Collected data entries:

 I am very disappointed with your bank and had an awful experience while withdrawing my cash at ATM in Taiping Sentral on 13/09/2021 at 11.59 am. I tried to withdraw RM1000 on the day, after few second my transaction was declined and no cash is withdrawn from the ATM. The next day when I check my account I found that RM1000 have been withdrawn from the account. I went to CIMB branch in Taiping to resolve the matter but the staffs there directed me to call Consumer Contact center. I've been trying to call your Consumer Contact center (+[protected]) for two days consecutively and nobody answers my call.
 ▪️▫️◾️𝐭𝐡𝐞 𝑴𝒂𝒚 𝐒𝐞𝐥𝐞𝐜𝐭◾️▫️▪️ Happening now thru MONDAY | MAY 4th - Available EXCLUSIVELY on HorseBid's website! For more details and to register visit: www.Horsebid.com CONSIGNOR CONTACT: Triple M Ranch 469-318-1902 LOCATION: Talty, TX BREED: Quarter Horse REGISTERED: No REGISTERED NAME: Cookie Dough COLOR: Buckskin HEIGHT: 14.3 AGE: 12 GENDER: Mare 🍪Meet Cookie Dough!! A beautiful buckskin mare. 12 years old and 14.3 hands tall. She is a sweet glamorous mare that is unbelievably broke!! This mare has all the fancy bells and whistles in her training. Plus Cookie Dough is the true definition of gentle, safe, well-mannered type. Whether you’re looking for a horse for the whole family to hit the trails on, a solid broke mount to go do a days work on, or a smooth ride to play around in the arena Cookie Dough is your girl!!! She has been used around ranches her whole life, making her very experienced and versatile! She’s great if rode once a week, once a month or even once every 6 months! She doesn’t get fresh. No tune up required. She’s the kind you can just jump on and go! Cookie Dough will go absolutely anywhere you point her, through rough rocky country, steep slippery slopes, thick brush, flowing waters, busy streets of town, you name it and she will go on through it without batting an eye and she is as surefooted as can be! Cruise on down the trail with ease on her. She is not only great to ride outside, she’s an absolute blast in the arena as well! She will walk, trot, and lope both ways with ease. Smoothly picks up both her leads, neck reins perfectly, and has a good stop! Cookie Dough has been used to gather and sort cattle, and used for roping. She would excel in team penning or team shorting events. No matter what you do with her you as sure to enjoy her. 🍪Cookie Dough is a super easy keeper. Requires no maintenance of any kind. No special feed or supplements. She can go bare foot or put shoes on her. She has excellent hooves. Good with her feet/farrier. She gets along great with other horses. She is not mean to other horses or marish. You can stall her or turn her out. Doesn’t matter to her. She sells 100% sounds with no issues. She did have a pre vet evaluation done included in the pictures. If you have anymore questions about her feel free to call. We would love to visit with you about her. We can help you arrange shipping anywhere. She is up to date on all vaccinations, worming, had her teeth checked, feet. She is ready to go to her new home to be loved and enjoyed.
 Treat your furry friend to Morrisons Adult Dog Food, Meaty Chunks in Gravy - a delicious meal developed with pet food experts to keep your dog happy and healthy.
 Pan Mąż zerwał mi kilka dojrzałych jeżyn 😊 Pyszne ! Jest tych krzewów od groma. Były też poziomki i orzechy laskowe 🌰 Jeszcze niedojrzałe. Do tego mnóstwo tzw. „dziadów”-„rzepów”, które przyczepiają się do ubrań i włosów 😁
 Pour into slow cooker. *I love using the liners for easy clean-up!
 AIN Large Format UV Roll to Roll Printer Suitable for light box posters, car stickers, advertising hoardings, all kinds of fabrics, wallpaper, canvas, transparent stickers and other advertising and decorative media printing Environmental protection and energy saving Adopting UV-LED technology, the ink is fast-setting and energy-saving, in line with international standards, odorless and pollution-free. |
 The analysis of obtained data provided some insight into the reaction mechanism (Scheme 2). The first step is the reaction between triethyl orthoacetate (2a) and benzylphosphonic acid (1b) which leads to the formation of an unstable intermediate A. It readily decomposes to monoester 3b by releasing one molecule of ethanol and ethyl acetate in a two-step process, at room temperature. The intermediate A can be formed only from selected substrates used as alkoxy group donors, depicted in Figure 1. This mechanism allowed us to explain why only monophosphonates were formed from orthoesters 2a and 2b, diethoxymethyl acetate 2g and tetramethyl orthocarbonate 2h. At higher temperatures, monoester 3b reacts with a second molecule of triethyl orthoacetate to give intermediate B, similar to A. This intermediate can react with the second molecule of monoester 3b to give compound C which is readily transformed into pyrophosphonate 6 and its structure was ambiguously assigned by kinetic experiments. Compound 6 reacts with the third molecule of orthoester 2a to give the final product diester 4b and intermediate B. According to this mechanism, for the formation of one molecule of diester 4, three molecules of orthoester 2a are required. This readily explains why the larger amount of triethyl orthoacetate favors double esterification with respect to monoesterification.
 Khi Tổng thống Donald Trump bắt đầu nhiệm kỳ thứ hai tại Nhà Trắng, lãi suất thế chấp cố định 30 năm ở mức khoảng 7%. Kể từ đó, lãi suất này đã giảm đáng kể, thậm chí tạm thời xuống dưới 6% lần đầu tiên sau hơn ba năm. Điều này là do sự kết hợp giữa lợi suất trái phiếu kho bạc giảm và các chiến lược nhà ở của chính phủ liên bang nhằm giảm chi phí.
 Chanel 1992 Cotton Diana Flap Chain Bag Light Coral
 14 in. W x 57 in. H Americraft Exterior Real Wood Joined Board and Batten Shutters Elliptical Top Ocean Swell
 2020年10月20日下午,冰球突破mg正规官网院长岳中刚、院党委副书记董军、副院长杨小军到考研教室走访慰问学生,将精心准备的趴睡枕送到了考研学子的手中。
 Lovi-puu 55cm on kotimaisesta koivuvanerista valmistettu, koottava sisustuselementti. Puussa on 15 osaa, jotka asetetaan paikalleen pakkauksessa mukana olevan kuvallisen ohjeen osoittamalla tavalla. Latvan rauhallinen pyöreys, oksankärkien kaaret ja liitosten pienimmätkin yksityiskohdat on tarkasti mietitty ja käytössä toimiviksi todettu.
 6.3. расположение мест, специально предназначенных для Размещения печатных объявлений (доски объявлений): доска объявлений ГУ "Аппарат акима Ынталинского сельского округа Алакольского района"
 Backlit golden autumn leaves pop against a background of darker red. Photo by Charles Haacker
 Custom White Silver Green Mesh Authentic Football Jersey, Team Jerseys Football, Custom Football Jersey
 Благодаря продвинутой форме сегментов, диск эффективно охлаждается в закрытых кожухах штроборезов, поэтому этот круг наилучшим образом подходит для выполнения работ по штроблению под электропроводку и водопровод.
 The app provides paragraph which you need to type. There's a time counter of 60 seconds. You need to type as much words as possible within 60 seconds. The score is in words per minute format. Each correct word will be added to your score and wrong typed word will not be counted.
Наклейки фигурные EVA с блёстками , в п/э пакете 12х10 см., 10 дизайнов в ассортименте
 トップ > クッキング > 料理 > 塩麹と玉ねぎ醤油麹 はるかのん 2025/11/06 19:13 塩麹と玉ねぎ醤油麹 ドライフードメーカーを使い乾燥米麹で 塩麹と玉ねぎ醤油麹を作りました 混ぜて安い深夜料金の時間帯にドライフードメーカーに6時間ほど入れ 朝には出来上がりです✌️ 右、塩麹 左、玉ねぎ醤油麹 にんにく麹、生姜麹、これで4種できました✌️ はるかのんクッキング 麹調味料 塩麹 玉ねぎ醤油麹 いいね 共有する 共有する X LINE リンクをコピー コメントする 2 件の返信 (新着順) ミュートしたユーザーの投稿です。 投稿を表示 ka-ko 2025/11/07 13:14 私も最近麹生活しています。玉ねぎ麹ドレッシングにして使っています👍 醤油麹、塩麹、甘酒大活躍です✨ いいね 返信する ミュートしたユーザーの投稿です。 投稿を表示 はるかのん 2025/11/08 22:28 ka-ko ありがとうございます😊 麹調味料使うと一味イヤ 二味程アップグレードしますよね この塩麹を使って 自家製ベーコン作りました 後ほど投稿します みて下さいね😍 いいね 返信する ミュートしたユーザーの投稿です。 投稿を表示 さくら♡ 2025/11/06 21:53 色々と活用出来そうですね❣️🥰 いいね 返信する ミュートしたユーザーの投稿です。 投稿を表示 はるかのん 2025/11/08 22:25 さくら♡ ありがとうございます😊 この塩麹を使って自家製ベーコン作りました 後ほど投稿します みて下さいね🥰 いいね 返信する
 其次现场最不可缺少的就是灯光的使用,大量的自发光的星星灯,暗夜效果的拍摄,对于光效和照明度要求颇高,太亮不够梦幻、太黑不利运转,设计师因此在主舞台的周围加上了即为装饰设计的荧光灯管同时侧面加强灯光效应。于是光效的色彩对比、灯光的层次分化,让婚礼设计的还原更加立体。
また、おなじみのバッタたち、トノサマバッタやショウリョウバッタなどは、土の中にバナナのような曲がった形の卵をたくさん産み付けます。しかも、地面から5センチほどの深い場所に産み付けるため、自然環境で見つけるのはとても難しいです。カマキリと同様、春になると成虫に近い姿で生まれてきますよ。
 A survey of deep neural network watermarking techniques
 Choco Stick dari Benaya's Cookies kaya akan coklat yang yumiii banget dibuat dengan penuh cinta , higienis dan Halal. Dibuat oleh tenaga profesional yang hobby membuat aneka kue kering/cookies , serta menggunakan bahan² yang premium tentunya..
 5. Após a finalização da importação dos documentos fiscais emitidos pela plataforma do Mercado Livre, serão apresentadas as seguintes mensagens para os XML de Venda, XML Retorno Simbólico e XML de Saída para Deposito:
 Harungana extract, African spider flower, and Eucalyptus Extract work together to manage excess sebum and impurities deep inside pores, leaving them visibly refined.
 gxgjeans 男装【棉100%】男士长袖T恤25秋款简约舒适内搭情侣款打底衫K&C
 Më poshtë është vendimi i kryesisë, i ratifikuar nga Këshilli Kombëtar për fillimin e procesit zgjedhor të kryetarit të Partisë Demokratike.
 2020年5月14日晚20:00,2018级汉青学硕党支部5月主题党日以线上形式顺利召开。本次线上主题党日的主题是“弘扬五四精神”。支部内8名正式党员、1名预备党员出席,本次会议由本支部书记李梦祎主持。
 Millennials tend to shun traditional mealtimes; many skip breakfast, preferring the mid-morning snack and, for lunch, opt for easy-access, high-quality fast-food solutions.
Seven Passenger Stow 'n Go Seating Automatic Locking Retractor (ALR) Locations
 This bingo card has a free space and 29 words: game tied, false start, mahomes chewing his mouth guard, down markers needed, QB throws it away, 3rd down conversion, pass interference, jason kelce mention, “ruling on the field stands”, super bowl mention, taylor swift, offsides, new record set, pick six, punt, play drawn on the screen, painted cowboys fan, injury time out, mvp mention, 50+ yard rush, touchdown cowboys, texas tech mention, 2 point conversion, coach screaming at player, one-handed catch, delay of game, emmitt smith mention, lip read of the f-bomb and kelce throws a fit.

» **Task requirements**
Starting at the line that contains "また、おなじみのバッタたち、", copy each line through the last one in the records, exactly, and output nothing else.

» **Solution to the exercise**
また、おなじみのバッタたち、トノサマバッタやショウリョウバッタなどは、土の中にバナナのような曲がった形の卵をたくさん産み付けます。しかも、地面から5センチほどの深い場所に産み付けるため、自然環境で見つけるのはとても難しいです。カマキリと同様、春になると成虫に近い姿で生まれてきますよ。
 A survey of deep neural network watermarking techniques
 Choco Stick dari Benaya's Cookies kaya akan coklat yang yumiii banget dibuat dengan penuh cinta , higienis dan Halal. Dibuat oleh tenaga profesional yang hobby membuat aneka kue kering/cookies , serta menggunakan bahan² yang premium tentunya..
 5. Após a finalização da importação dos documentos fiscais emitidos pela plataforma do Mercado Livre, serão apresentadas as seguintes mensagens para os XML de Venda, XML Retorno Simbólico e XML de Saída para Deposito:
 Harungana extract, African spider flower, and Eucalyptus Extract work together to manage excess sebum and impurities deep inside pores, leaving them visibly refined.
 gxgjeans 男装【棉100%】男士长袖T恤25秋款简约舒适内搭情侣款打底衫K&C
 Më poshtë është vendimi i kryesisë, i ratifikuar nga Këshilli Kombëtar për fillimin e procesit zgjedhor të kryetarit të Partisë Demokratike.
 2020年5月14日晚20:00,2018级汉青学硕党支部5月主题党日以线上形式顺利召开。本次线上主题党日的主题是“弘扬五四精神”。支部内8名正式党员、1名预备党员出席,本次会议由本支部书记李梦祎主持。
 Millennials tend to shun traditional mealtimes; many skip breakfast, preferring the mid-morning snack and, for lunch, opt for easy-access, high-quality fast-food solutions.
Seven Passenger Stow 'n Go Seating Automatic Locking Retractor (ALR) Locations
 This bingo card has a free space and 29 words: game tied, false start, mahomes chewing his mouth guard, down markers needed, QB throws it away, 3rd down conversion, pass interference, jason kelce mention, “ruling on the field stands”, super bowl mention, taylor swift, offsides, new record set, pick six, punt, play drawn on the screen, painted cowboys fan, injury time out, mvp mention, 50+ yard rush, touchdown cowboys, texas tech mention, 2 point conversion, coach screaming at player, one-handed catch, delay of game, emmitt smith mention, lip read of the f-bomb and kelce throws a fit.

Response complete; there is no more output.